• INPUT DATA

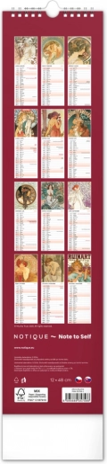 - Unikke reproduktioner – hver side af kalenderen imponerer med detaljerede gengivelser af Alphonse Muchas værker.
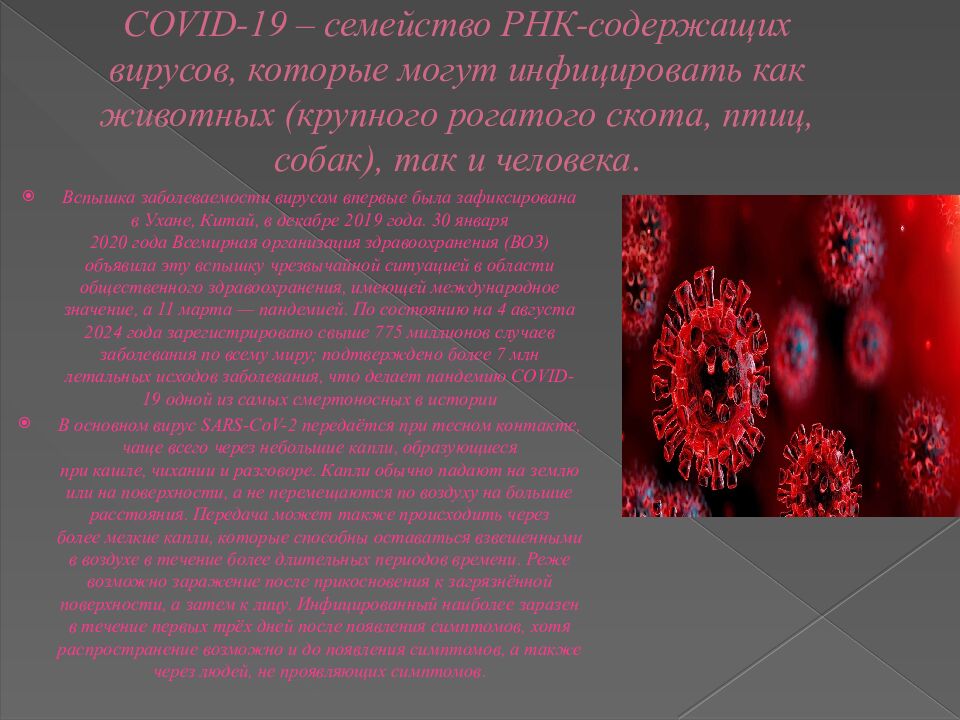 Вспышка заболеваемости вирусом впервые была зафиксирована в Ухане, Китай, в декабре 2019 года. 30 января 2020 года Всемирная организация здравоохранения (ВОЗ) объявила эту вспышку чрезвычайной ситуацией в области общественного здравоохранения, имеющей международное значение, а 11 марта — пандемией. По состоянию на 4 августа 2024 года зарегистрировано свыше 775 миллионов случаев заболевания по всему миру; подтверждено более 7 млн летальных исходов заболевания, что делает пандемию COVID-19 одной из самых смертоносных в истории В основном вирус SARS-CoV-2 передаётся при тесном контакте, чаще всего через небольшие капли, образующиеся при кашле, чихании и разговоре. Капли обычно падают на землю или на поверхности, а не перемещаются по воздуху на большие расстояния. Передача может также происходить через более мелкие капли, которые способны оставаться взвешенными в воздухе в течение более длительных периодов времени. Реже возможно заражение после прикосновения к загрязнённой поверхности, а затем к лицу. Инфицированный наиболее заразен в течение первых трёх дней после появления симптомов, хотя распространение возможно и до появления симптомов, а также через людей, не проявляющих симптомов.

* * *

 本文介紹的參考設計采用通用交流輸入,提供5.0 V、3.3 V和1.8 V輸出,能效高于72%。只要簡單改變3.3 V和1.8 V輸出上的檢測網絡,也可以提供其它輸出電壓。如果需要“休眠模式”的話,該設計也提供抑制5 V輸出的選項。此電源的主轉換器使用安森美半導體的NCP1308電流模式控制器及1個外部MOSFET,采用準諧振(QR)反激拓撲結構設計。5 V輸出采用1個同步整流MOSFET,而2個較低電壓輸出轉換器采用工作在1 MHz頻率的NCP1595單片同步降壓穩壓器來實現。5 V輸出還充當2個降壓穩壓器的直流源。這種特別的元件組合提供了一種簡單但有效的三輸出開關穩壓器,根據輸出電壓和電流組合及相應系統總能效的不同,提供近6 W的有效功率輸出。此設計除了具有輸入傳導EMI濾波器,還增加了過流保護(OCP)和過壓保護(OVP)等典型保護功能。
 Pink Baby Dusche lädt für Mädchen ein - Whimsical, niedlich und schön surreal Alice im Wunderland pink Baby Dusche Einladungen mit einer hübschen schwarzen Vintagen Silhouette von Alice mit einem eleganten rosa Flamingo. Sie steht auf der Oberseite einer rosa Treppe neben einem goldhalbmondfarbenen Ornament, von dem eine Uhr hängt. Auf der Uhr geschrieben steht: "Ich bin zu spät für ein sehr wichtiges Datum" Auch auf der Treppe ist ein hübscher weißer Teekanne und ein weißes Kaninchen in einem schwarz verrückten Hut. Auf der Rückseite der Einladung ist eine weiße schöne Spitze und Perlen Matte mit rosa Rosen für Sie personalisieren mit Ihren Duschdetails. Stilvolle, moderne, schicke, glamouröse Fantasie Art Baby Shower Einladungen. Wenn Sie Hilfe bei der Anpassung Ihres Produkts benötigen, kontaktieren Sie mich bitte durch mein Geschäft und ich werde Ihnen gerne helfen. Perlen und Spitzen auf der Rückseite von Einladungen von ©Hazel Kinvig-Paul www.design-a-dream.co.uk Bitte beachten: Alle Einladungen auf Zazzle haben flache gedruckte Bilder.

--

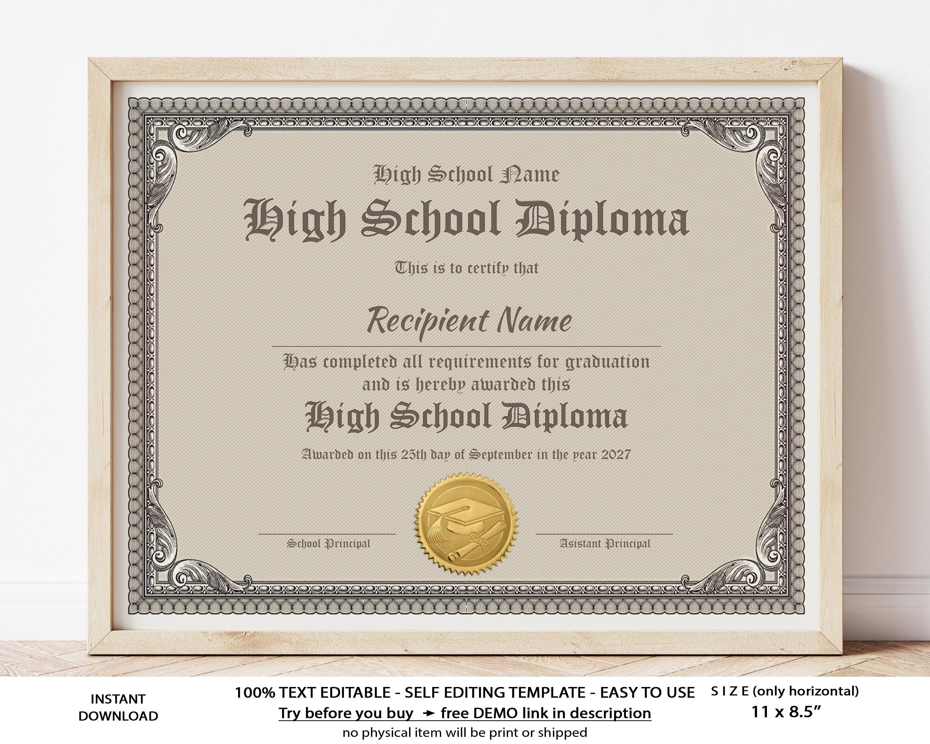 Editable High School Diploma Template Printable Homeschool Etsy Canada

• ASSIGNMENT
Look above for the line containing "- Unikke reproduktioner", then write out every line from there down to the line containing "Вспышка заболеваемости вирусом", that line included, with no pictures.

• ANSWER BELOW
 - Unikke reproduktioner – hver side af kalenderen imponerer med detaljerede gengivelser af Alphonse Muchas værker.
 Вспышка заболеваемости вирусом впервые была зафиксирована в Ухане, Китай, в декабре 2019 года. 30 января 2020 года Всемирная организация здравоохранения (ВОЗ) объявила эту вспышку чрезвычайной ситуацией в области общественного здравоохранения, имеющей международное значение, а 11 марта — пандемией. По состоянию на 4 августа 2024 года зарегистрировано свыше 775 миллионов случаев заболевания по всему миру; подтверждено более 7 млн летальных исходов заболевания, что делает пандемию COVID-19 одной из самых смертоносных в истории В основном вирус SARS-CoV-2 передаётся при тесном контакте, чаще всего через небольшие капли, образующиеся при кашле, чихании и разговоре. Капли обычно падают на землю или на поверхности, а не перемещаются по воздуху на большие расстояния. Передача может также происходить через более мелкие капли, которые способны оставаться взвешенными в воздухе в течение более длительных периодов времени. Реже возможно заражение после прикосновения к загрязнённой поверхности, а затем к лицу. Инфицированный наиболее заразен в течение первых трёх дней после появления симптомов, хотя распространение возможно и до появления симптомов, а также через людей, не проявляющих симптомов.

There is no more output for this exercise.